▶ [STORED DATA]
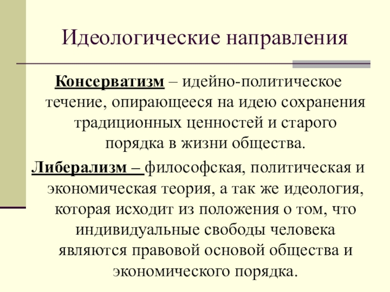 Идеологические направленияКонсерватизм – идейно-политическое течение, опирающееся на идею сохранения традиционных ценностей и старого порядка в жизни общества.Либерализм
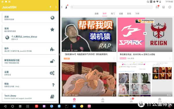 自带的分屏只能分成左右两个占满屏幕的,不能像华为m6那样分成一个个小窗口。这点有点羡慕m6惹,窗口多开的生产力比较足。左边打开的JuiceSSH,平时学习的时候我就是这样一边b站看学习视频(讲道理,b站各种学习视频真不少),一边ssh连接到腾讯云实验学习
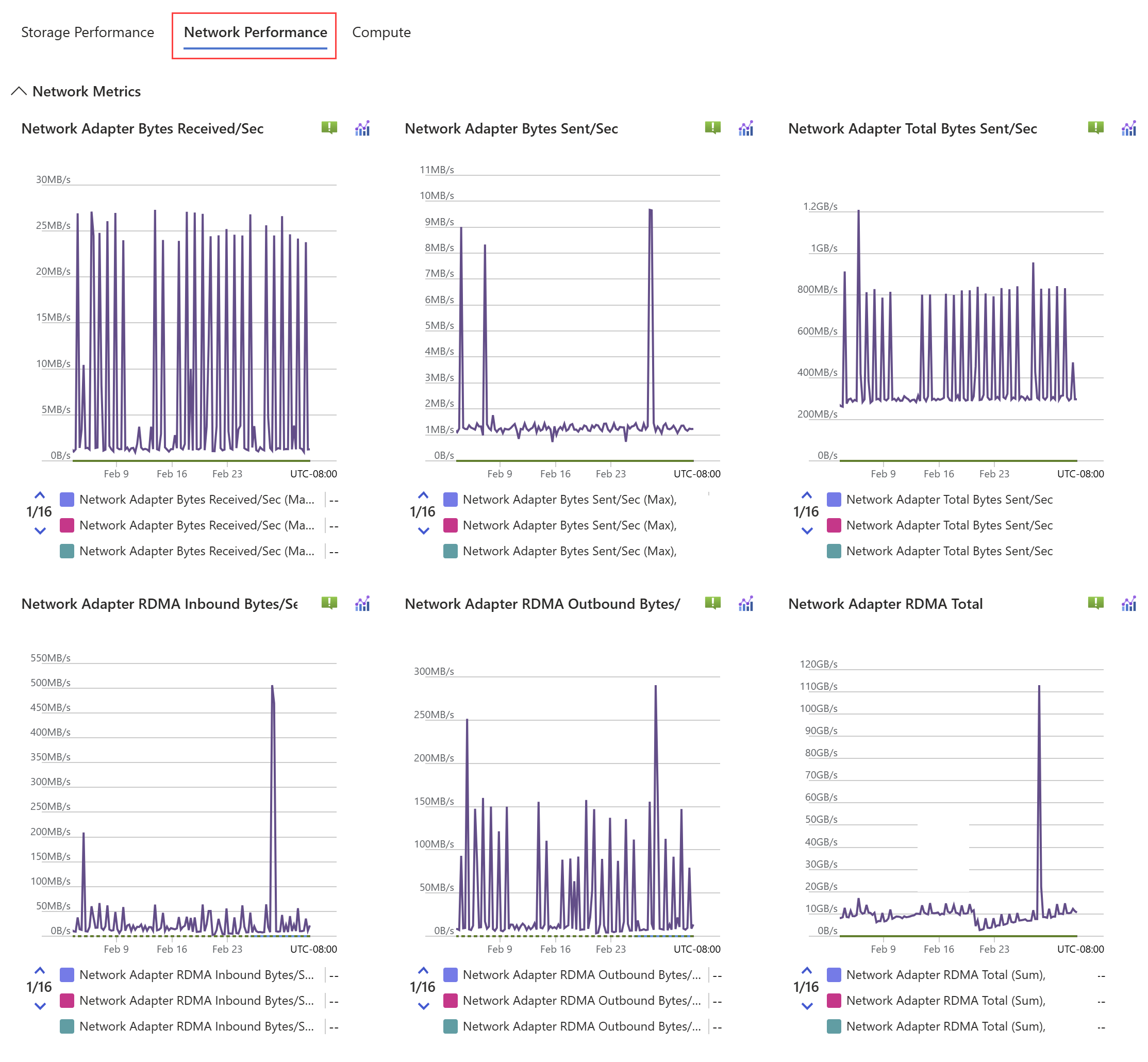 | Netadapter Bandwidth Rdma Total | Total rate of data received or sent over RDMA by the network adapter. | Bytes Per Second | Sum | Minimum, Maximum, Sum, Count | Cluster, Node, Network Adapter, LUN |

▶ [EXERCISE REQUIREMENTS]
Retype each line above precisely, please. Skip anything that is a picture.

▶ [RESPONSE]
 Идеологические направленияКонсерватизм – идейно-политическое течение, опирающееся на идею сохранения традиционных ценностей и старого порядка в жизни общества.Либерализм
 自带的分屏只能分成左右两个占满屏幕的,不能像华为m6那样分成一个个小窗口。这点有点羡慕m6惹,窗口多开的生产力比较足。左边打开的JuiceSSH,平时学习的时候我就是这样一边b站看学习视频(讲道理,b站各种学习视频真不少),一边ssh连接到腾讯云实验学习
 | Netadapter Bandwidth Rdma Total | Total rate of data received or sent over RDMA by the network adapter. | Bytes Per Second | Sum | Minimum, Maximum, Sum, Count | Cluster, Node, Network Adapter, LUN |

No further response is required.